Tax Dollars at Work…For You
The more money you have, the more you can affect your personal sphere of influence. This is an axiom. You decide what grocer to support, what kind of car you can buy (and afford), how much you want to give to charity and how best to invest your hard-earned dollars. It follows, then, that the less income you have to work with, the narrower your choices become. And while you may consider yourself thrifty, it’s far more effective to be aggressive when it comes to keeping as many of your tax dollars as you can.
Now, just to be clear, you should never endeavor to cheat your way out of a legitimate tax liability; this will only spell eventual disaster. But at the same time, you shouldn’t willfully give more than you’re legally obliged. Believe it or not, there are several common mistakes that even the shrewdest taxpayer makes. And these seemingly minor errors actually add up to quite a bit over a short period of time.
Examine Your Paycheck
If your employer withholds taxes, this saves you the trouble of estimating and paying them quarterly throughout the year. However, it’s easy to overlook just how much is getting diverted to Uncle Sam. A common misconception is that you should receive a sizable refund when you file your taxes. The truth is that a bigger check at tax time may be an indicator that you’re paying too much throughout the year. How much is withdrawn from each paycheck was determined by you when you began your employment. If you indicated too much be taken out for taxes, you’re essentially providing the government with an interest-free loan each year (which they return after filing season). Have a close look at your next paystub to see if you’re spending money that could go somewhere else, like your wallet.
By now, everyone knows that failing to obtain health insurance can be costly when tax season arrives. But there are a couple of scenarios you’ll want to consider before assuming you’re stuck. First, while you’re required to have a qualified health plan, you’re not obligated to choose any one provider. As such, it pays to shop around. Even if your employer offers coverage, for example, you might just have a cheaper option with a private provider. Alternatively, if your work and financial situation is dire, you may qualify for a health coverage exemption. In fact, there are a number of different exemptions for which you may be eligible. Even a penny saved is a penny earned.
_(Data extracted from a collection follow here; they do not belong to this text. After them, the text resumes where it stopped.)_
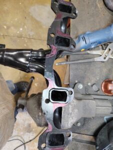 So this time I ordered RV8 headers from TSI. Took almost 2 months to get them but they came in and they look very good. Heavier material than the huggers were. Also all the headers I found available hugger or not were for the Buick not the Olds. The Olds heads have 5 bolts per cylinder the Buick has 4 but more importantly the bolts on the Olds are proud of the exhaust plane while on the Buick they are recessed. I had to grind the stabilizer plate so it would fit. Here’s some pics: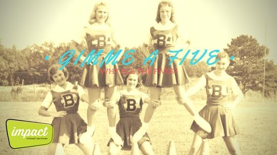 Why the heck do you see everything listed in 5's in our posts? "Top 5 Reasons to Hire a VA," "Top 5 Technologies to Advance Your Business," 5's, fives, FIVES!!!!!!!!!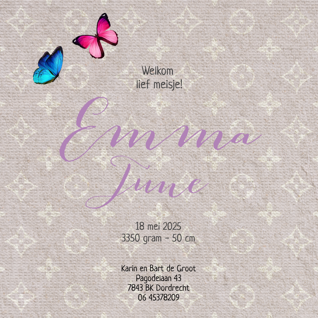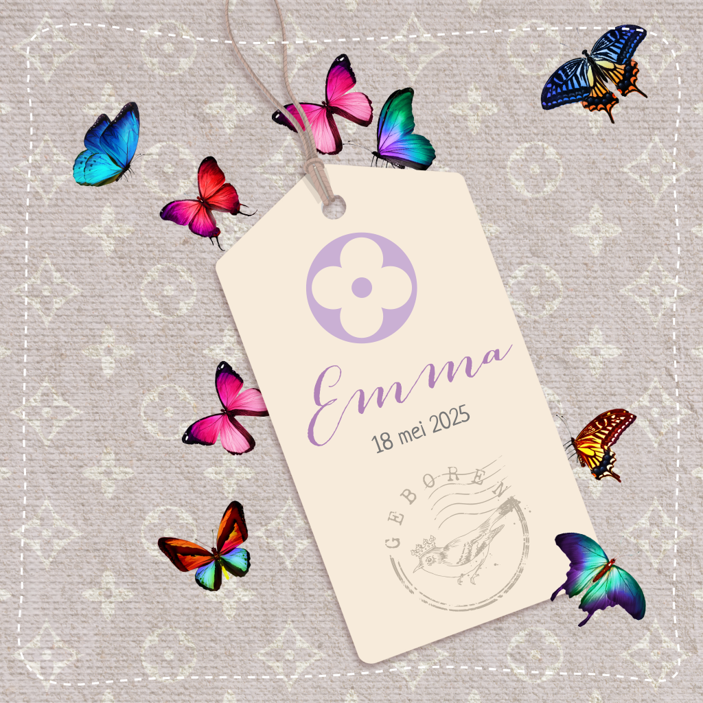 Lief geboortekaartje met vrolijke vlinders op stof met een label waarop tekst is geschreven. Pas de tekst aan met de naam en geboortedatum van je baby.

Deduction and Credit Oversights
It’s easy to overlook important money-savers, particularly when you’re hastily preparing a tax return (who really wants to spend more time than necessary dealing with taxes?). A little legwork, though, can not only cut any tax bill, it can actually mean a bigger refund. If you don’t feel comfortable exploring these options on your own without making a mistake, talk to a reputable tax professional. Even if you pay for their service just this year, you can use this as a learning experience for future filing.
A silver lining to exercising some healthy philanthropy comes when it’s time to pay the tax man. If your donations were to a federally-recognized charity (see IRS.gov for details), you can take a deduction on your return. While this might sound like a minor addendum, it can make all the difference when you’re writing that check to the Treasury Department.
Regardless of your tax action plan, you may find it helpful to consult with a licensed tax professional. While it’s smart to scrape for every dollar you can get, you also don’t want to make an overzealous error. Creating a tax debt from a filing mistake truly defeats the purpose of looking for tax savings. Whether you’re preventing a problem or attending to one, though, a licensed tax professional is a good friend to have.